Four titles and Curry’s international superstardom brings a spotlight onto the organization that sometimes gets harsh. Not long ago, the Warriors and Green were at the center of controversies involving Kevin Durant’s free agency tension and very public sideline fights that broke out because of it.
Looney has been on this ride before, but in different shoes. He remembers asking questions and talking through the drama — some known to the public, some not — with Andre Iguodala, Shaun Livingston and, yes, Green.
“Since I’ve been here, we’ve had things go on and we had great veterans, they all came to talk to everybody,” Looney said. “Everybody was able to get their opinion. When you give your opinion, you feel like you matter. Like you’re a part of something.
“And that’s my job is to go around and make sure that everybody knows what’s going on and get a pulse on the locker room. Not be the voice for them, but speak up for the guys who have an opinion but don’t feel comfortable yet. I’ll be the guy that says, ‘OK, if that’s how you feel, I can go talk to them if you want me to do it.' ”
It isn’t just Looney’s teammates and Kerr who see his leadership transformation. He quietly saw it in himself, even at his lowest. In 2019, when doctors couldn’t diagnose his random pains and strains on the court (later diagnosed as a neuropathic condition) his family and friends started to question if Looney’s basketball career was worth the pain.
“My friends had doubt. I think some of my family even had doubt, but I didn’t have doubt,” Looney said. “I was upset, disappointed, but I was never in doubt (thinking) I couldn’t make it back. I started my career with injuries, but I was playing on one of the best teams ever. I knew I belonged out there. Once I got that confidence — if I can play with these guys, I can play anywhere.”
All those years of injury rehab turned Looney into a gym rat. He’s become the first to arrive and last to leave the weight room. Anyone arriving at the gym after 8 a.m. will see Looney posted up in the corner of the practice facility doing Joga — a more physical form of yoga — before the day begins.

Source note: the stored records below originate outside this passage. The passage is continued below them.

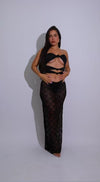 Tangled Temptation Lace Floral Skirt Set Black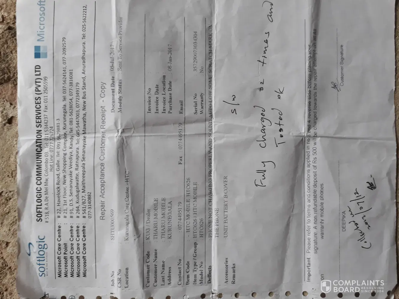 HTC 626 (IMEI [protected]) portable mobile phone, I brought from Softlogic company of Sri Lanka in 08-01-2017 year with one year warranty. This company is an agent of Sri Lanka. Dear sir within 6 month after bought this portable mobile phone gave me wrong sound problem . Then I gave it to dealer of Sri Lankan for repairing . After repairing (change software ) they return to me.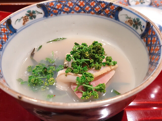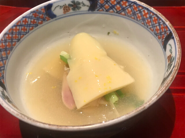 さて2018年のメニューも素晴らしいメニューでした。くじらのはいった白味噌のお椀や柚子窯、バチコやモロコ。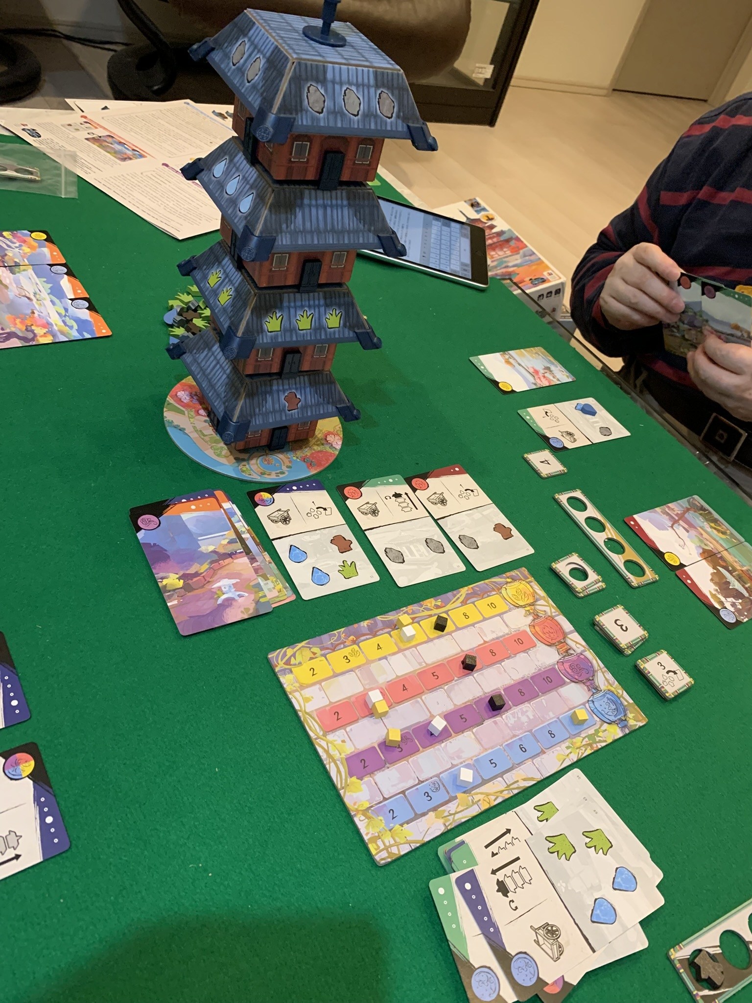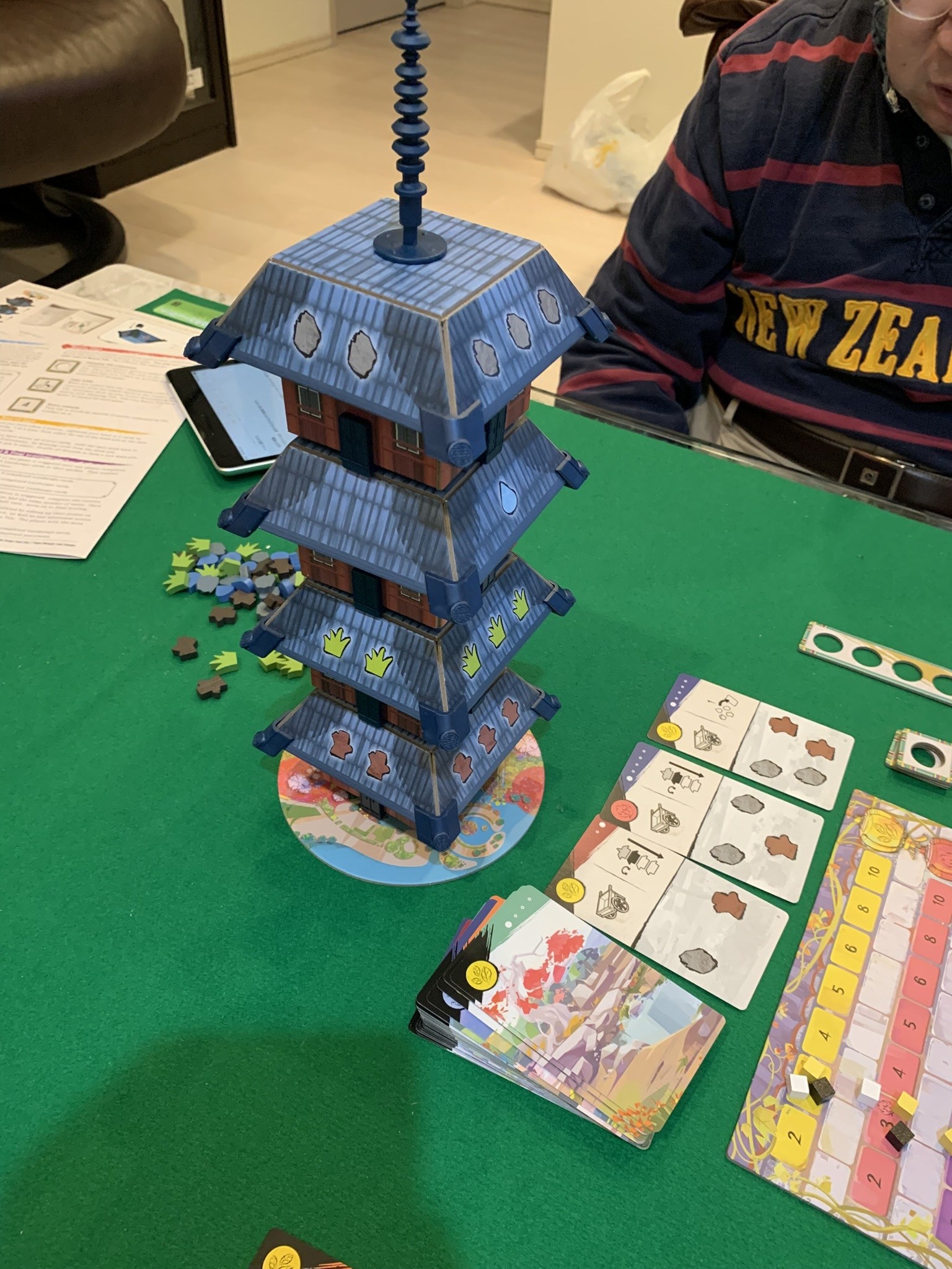 こちらはリソースを獲得する塔が推しポイント。カードを出して塔を回転させて指示通りにリソースを獲得していきます。下段の塔を回すと上に載っている塔も一緒に回ってしまうので、思いがけずもらえるつもりだったリソースがもらえなくなったり、逆に多くもらえたりするところがキモですね。勝者は先生、お見事でした。先生のレビューもどうぞ。
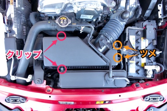 新品を入れる場合は逆の手順で押し込むだけ。フィルター面の平らな方が上。右の爪が差し込まれていること、外枠についたガスケットがクリーナーケースに当たっていることを確認して蓋を締め、クリップ2箇所を止めたらおしまい。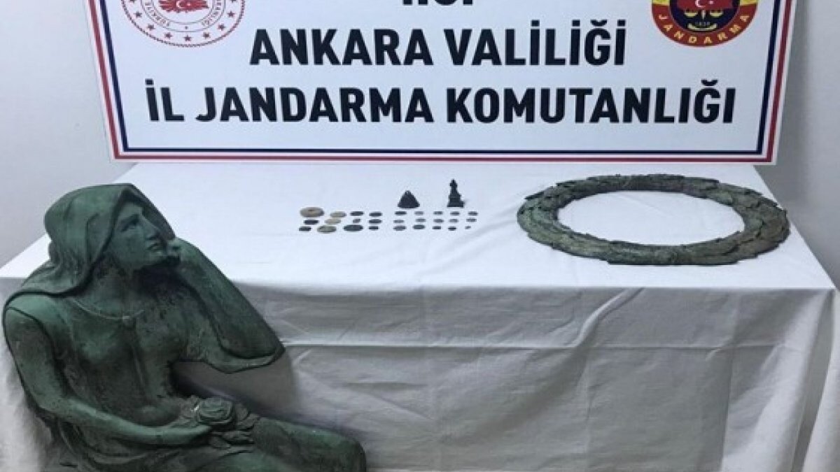 Ankara'nın Beypazarı ilçesindeki Dibecik Mahallesi'nde tarihi eser sattığı belirlenen U.A. ve S.D., jandarma ekiplerinin düzenlediği operasyonla gözaltına alındı.

Looney is always there. It’s how he earned his job as the team DJ, an unofficial job he parlayed into an internship at Warner Records this summer. Once retirement starts creeping into his brain, Looney hopes to get into the music business. Not as a musician — he can’t rap or sing, he says — but with a goal to own his own label one day. For now, at least, he owns the auxiliary cord in their Chase Center locker room. A job he’s held since he was a rookie.
“I kinda just took it,” Looney said. “I earned that role and did a decent job enough that people didn’t complain.”
Through music, he’s learned to read the room. If he’s with fellow Milwaukee natives like Poole and Patrick Baldwin Jr., he can play something new, or maybe an artist with Chicago ties like Lil Durk. If he’s sharing a locker room with 19-year veteran Iguodala, he can’t turn on any new music. Back when Looney was the youngest player on the team with the auxiliary cord responsibility, he stuck to oldie playlists only.
“If I play any new music, Andre be talking crazy, like ‘What is this you’re playing?' ” Looney said. “You have to know your crowd.”
For how much this Warriors locker room changes, celebrates and, conversely, endures crises like this current one as they hope to repeat as NBA champions, Looney knows what tune to strike with this crowd. It’s nothing he hasn’t seen before, but this time he took the reins. It was only right.
How will the Warriors move on from this? Looney thinks this crisis can make them stronger.
“When you’ve been through wars and you’ve been through adversity, it makes that bond that much closer and tougher to break apart. We’ve seen guys in their darkest days and guys in their best days,” he said.
“We’ve been through hard times and we never folded before. So we won’t fold now.”